Going through the material below, output exactly the lines from the one containing "Beauoop 2 Pezzi" through the one containing "TOAST tee features", and no pictures.

STORED DATA
::::

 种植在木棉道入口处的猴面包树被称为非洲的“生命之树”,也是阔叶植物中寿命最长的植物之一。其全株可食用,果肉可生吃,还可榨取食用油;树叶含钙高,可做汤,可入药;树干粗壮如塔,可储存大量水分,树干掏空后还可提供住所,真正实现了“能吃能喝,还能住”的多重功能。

::::

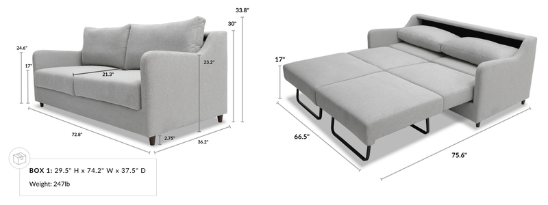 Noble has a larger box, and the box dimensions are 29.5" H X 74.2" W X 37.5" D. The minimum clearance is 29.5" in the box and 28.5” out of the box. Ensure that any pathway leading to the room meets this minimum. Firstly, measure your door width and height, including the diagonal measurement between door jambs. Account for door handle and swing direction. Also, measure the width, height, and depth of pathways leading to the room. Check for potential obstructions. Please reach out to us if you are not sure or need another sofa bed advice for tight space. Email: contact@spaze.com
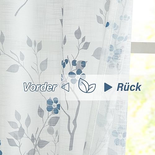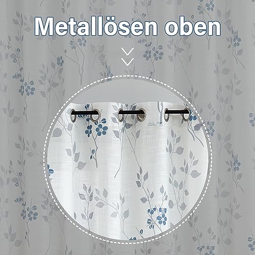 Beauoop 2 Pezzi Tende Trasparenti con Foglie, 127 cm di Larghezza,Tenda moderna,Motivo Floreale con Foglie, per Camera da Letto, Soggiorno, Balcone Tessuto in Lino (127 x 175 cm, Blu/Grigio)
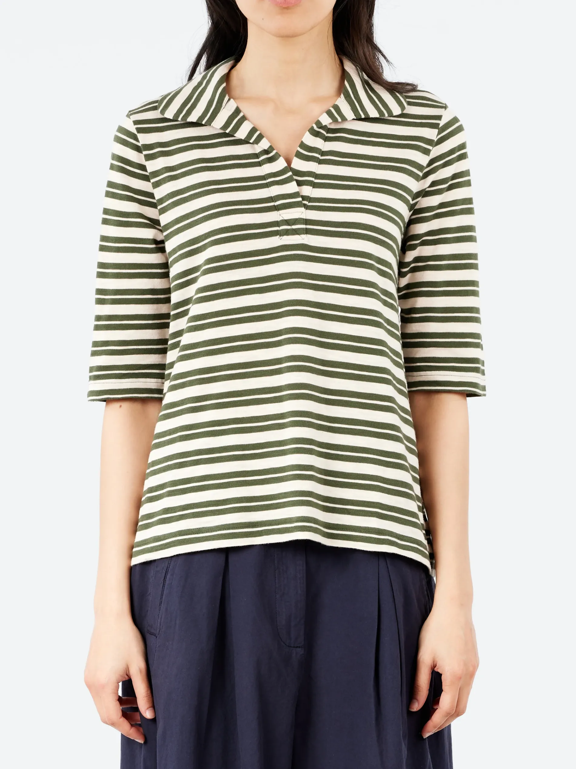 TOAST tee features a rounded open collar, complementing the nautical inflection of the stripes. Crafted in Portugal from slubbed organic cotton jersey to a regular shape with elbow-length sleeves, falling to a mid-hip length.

::::

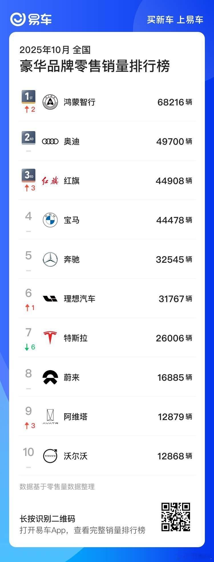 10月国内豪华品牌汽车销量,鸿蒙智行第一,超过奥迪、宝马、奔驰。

::::

EXERCISE ANSWER
 Beauoop 2 Pezzi Tende Trasparenti con Foglie, 127 cm di Larghezza,Tenda moderna,Motivo Floreale con Foglie, per Camera da Letto, Soggiorno, Balcone Tessuto in Lino (127 x 175 cm, Blu/Grigio)
 TOAST tee features a rounded open collar, complementing the nautical inflection of the stripes. Crafted in Portugal from slubbed organic cotton jersey to a regular shape with elbow-length sleeves, falling to a mid-hip length.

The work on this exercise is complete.